> **WORK REQUIRED**: Transcribe exactly, leaving out pictures, the lines from the one that holds "DafYomi, Nedarim #DafYomi" through the end of the data below, including both end lines and no others.

> **DATASET RECORDS**:
·····
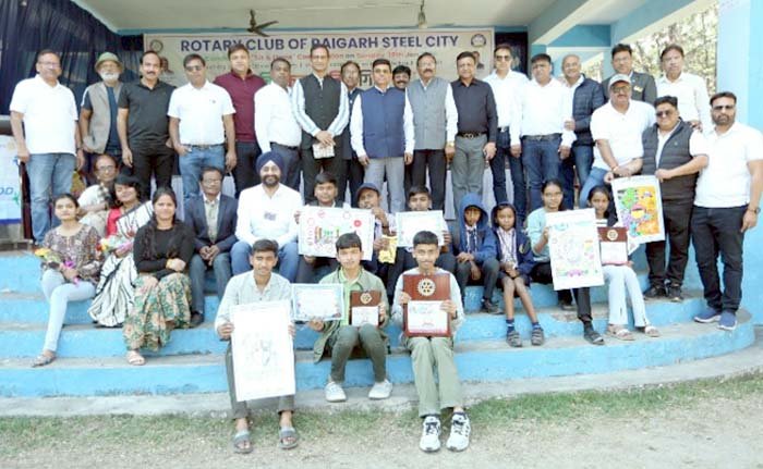 रायगढ़। सामाजिक संस्था रोटरी क्लब ऑफ रायगढ़ स्टील सिटी अध्यक्ष कमलेश अग्रवाल, कार्यक्रम अध्यक्ष प्रीतपाल सिंह टूटेजा, सह कार्यक्रम प्रायोजक आशीष पोद्दार व सचिव डॉ सतीश अग्रवाल के विशेष मार्गदर्शन में आज सुबह 9 बजे से शहर के कमला नेहरु पार्क में नि:शुल्क चित्रकला प्रतियोगिता का भव्य आयोजन किया गया। इस प्रतियोगिता के अंतर्गत रायगढ़ ब्लॉक के विभिन्न स्कूलों के लगभग 1200 बच्चों ने अपने मन के जज्बात को कैनवास पर खूबसूरत ढंग से उतारकर समाज को का संदेश समाज को गाँव और नदी किनारे का दृश्य, यातायात जागरूकता व कृत्रिम बुद्धिमत्ता (एआई) के साथ तकनीक एवं सेवाएँ का संदेश देकर उपस्थित तमाम लोगों का मन हर्षित किया।
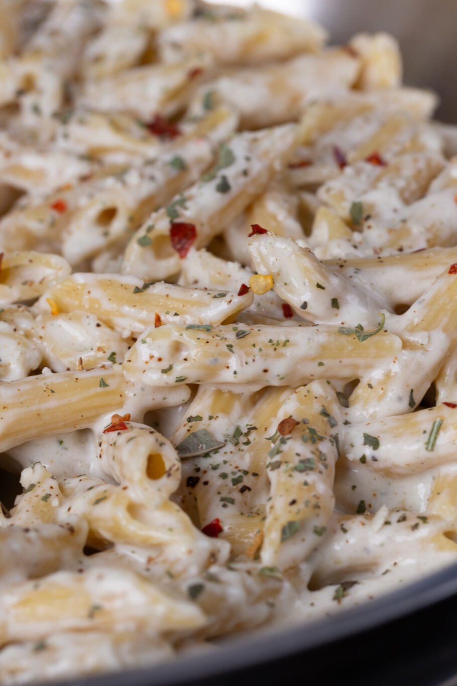 Once that’s done cooking and drained, add it right into your cottage cheese Alfredo sauce. Mix everything around for a couple minutes until your pasta is fully coated.
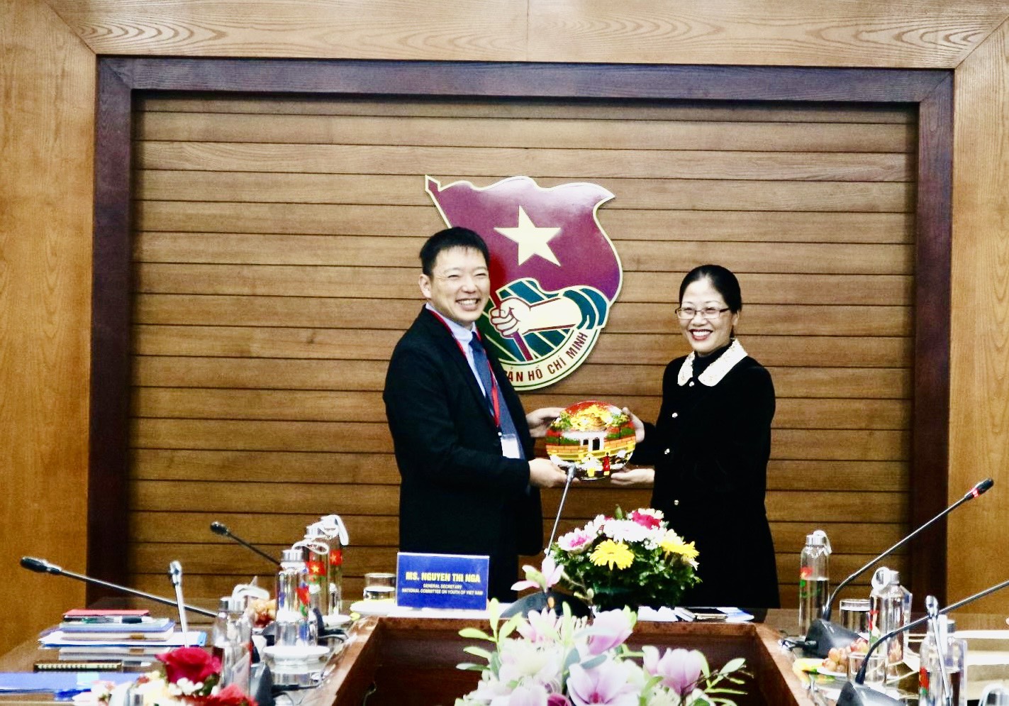 Đồng chí Nguyễn Thị Ngà, Tổng Thư ký Ủy ban Quốc gia về Thanh niên Việt Nam trao tặng quà cho ông Nakagawa Junichi- Phó hiệu trưởng trường THPT Sumiyoshi, Trưởng đoàn đại biểu
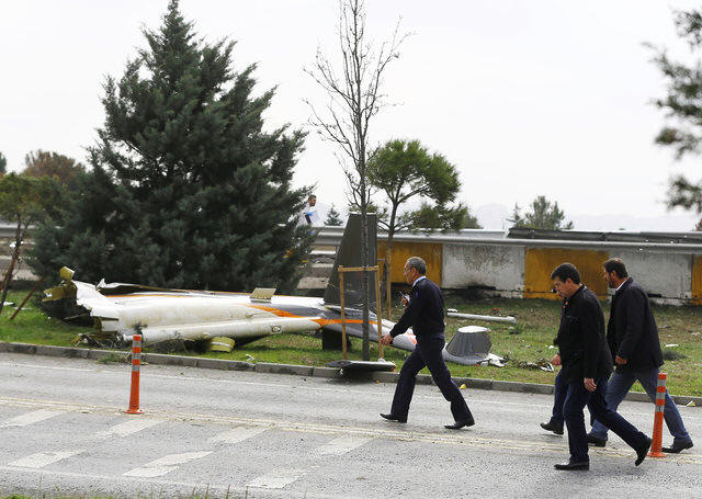 Wreckage of a helicopter is seen after it crashed in Istanbul,
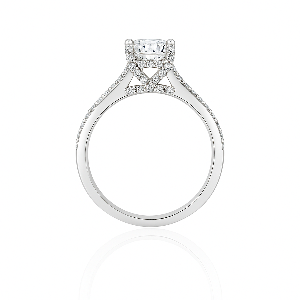 The Gia Engagement Ring setting showcases a channel design with diamonds set on the shoulders, bridge, under the halo, and prongs, all secured by a claw setting. The band holds approximately 0.30 to 0.50 carats of diamonds. Please note, diamonds are sold separately; the price reflects the setting only.
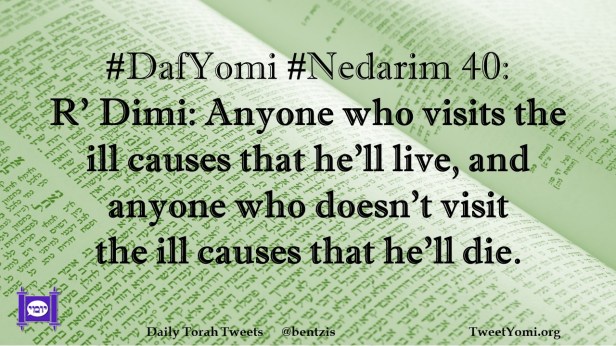 DafYomi, Nedarim #DafYomi #Nedarim 40 Date: February 22, 2023Author: netanelspitz #DafYomi #Nedarim 40: R’ Dimi: Anyone who visits the ill causes that he’ll live, and anyone who doesn’t visit the ill causes that he’ll die. Share this: Share on X (Opens in new window) X Share on Facebook (Opens in new window) Facebook Like Loading... Related
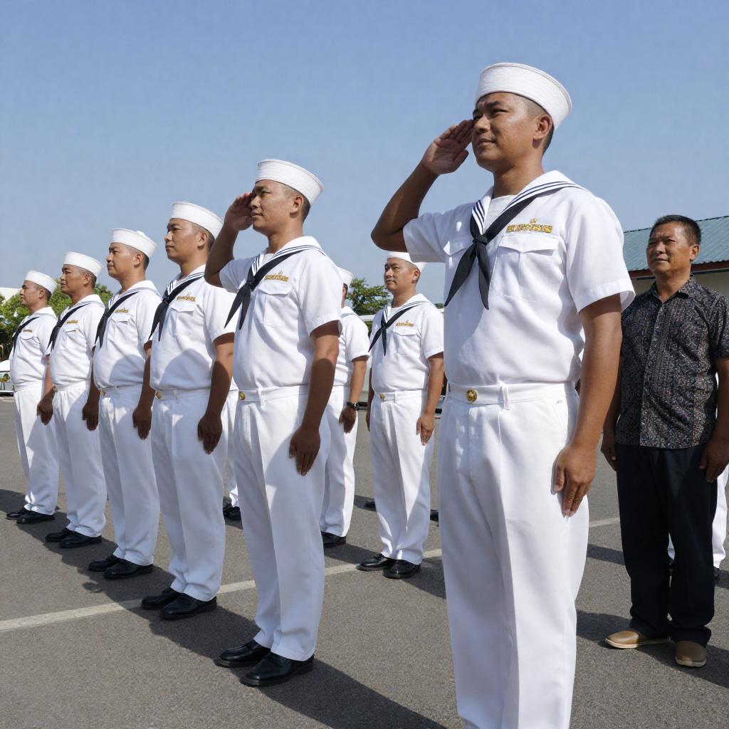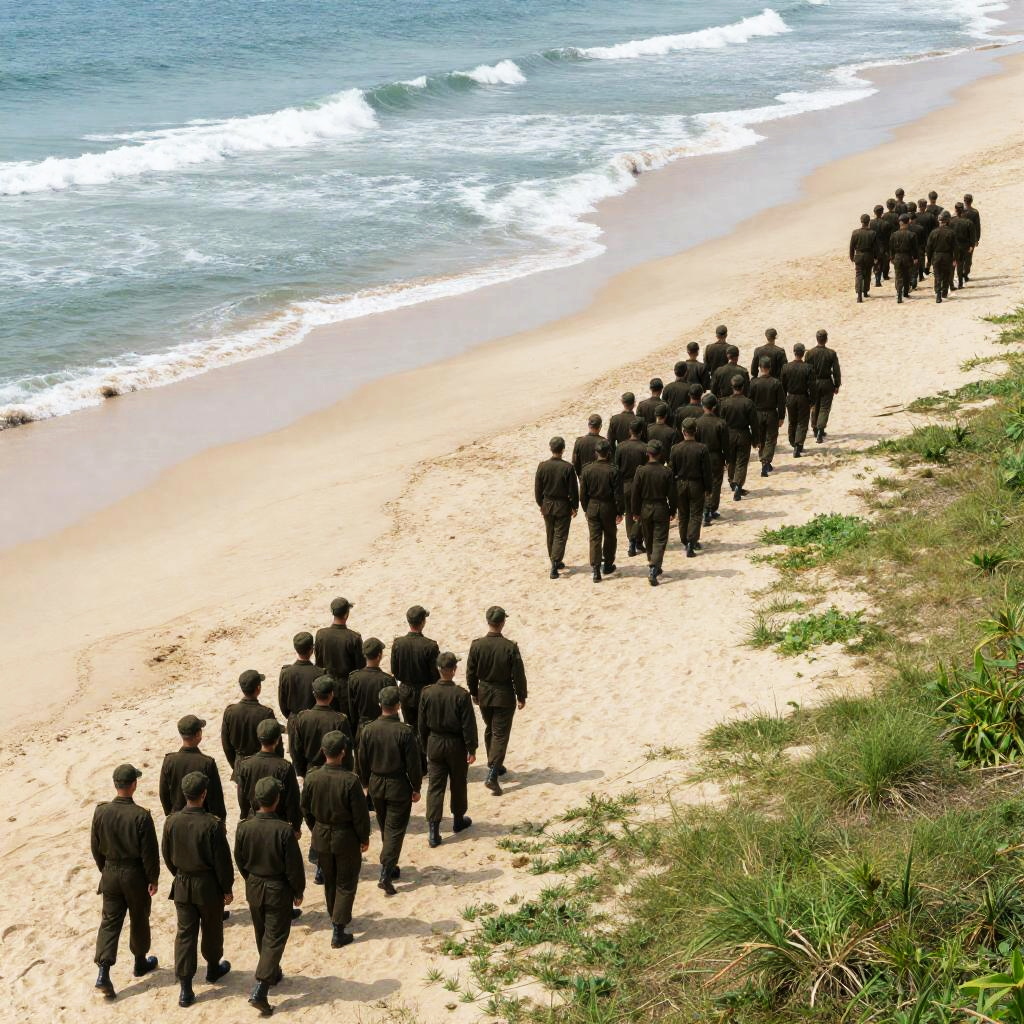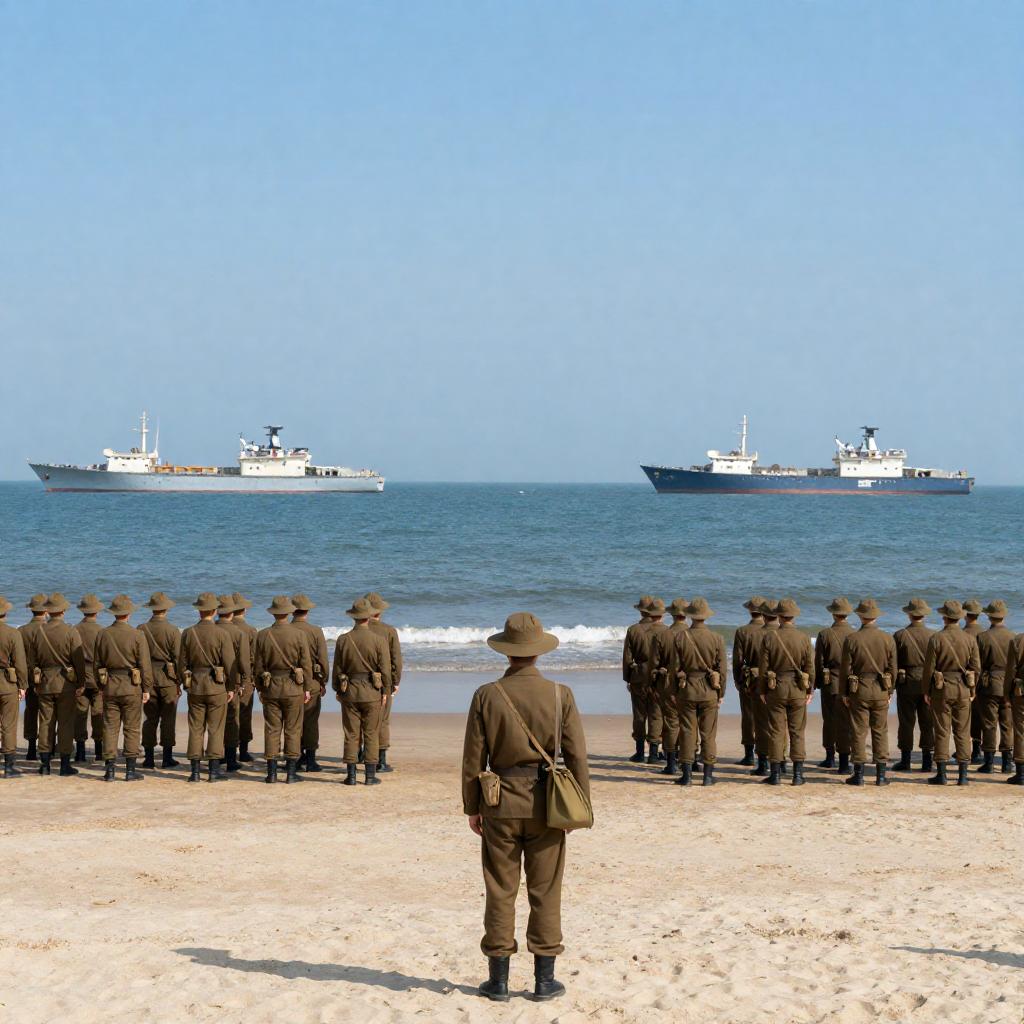 Photograph of a beach scene with a large group of soldiers in brown uniforms standing in two lines facing the ocean. Two ships are visible in the background. A single soldier in the foreground stands with his back to the camera, wearing a hat and carrying a bag. The sky is clear blue.
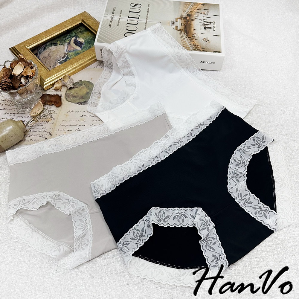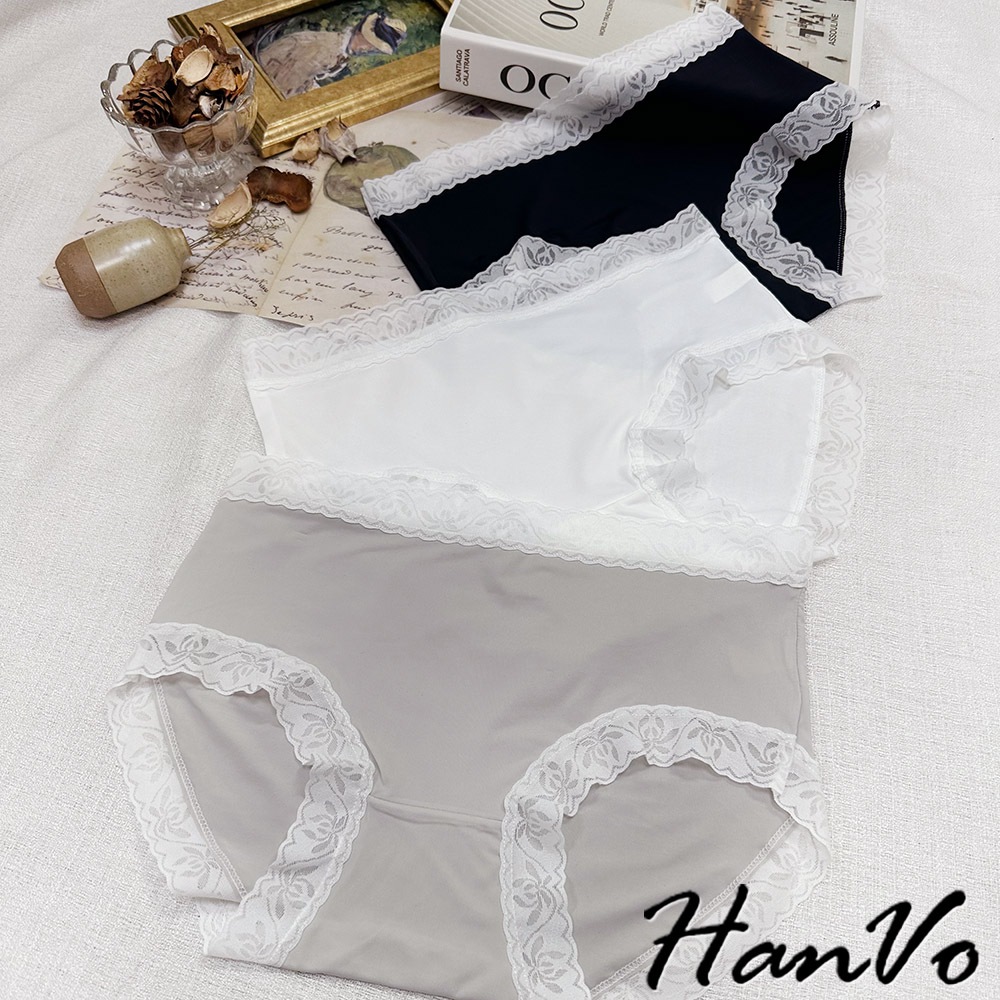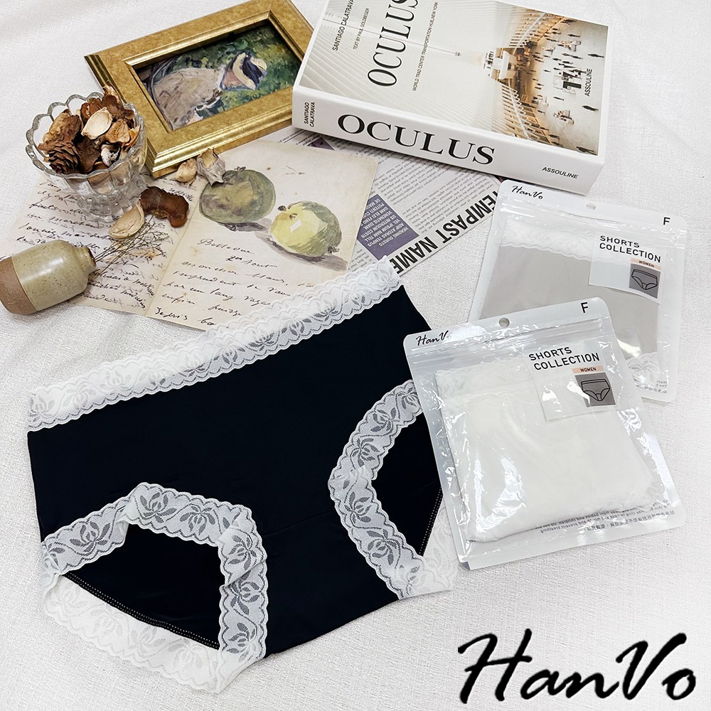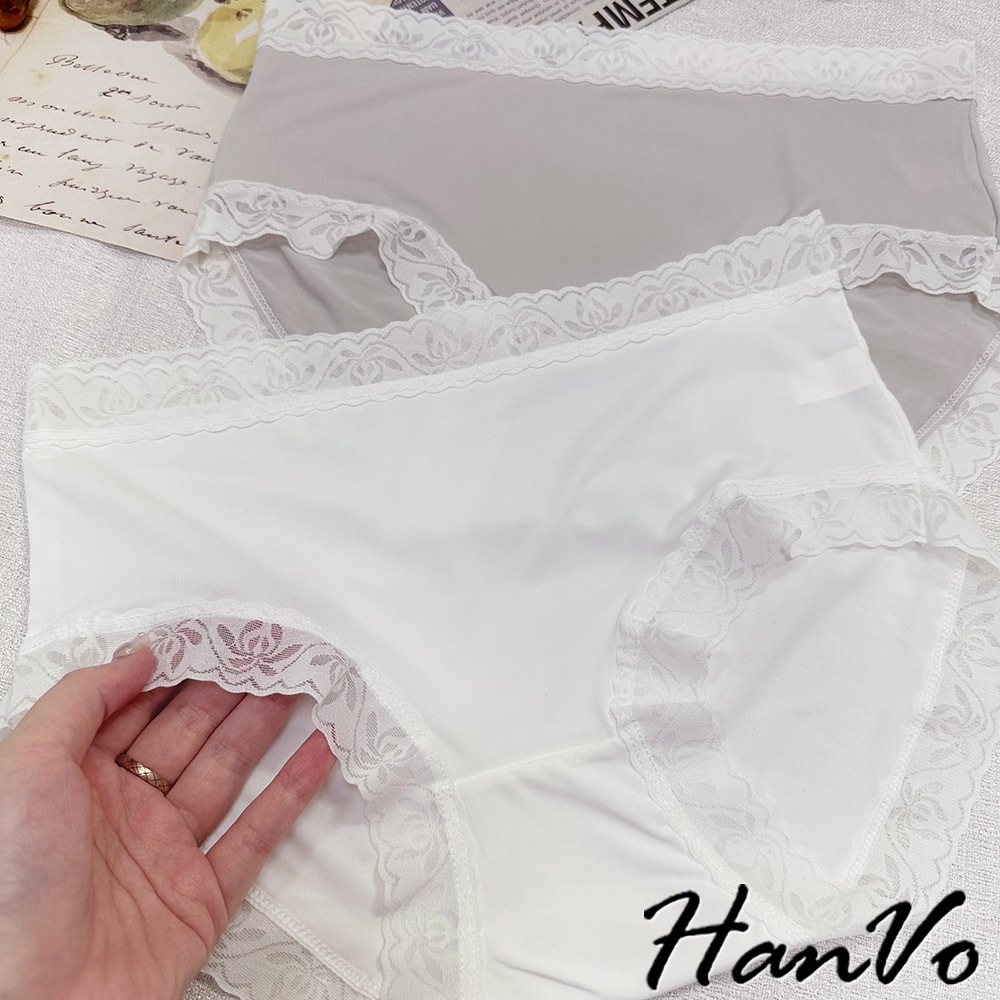 【HanVo】蕾絲花邊涼感冰絲內褲 輕盈薄彈包覆感三角褲 中腰 獨立包裝 女生內褲 內著 A11-5228星辰黑|天使白|冰川灰PantiesHanVo Wear Collection
·····
> **RESPONSE TO THIS EXERCISE**:
 DafYomi, Nedarim #DafYomi #Nedarim 40 Date: February 22, 2023Author: netanelspitz #DafYomi #Nedarim 40: R’ Dimi: Anyone who visits the ill causes that he’ll live, and anyone who doesn’t visit the ill causes that he’ll die. Share this: Share on X (Opens in new window) X Share on Facebook (Opens in new window) Facebook Like Loading... Related
 Photograph of a beach scene with a large group of soldiers in brown uniforms standing in two lines facing the ocean. Two ships are visible in the background. A single soldier in the foreground stands with his back to the camera, wearing a hat and carrying a bag. The sky is clear blue.
 【HanVo】蕾絲花邊涼感冰絲內褲 輕盈薄彈包覆感三角褲 中腰 獨立包裝 女生內褲 內著 A11-5228星辰黑|天使白|冰川灰PantiesHanVo Wear Collection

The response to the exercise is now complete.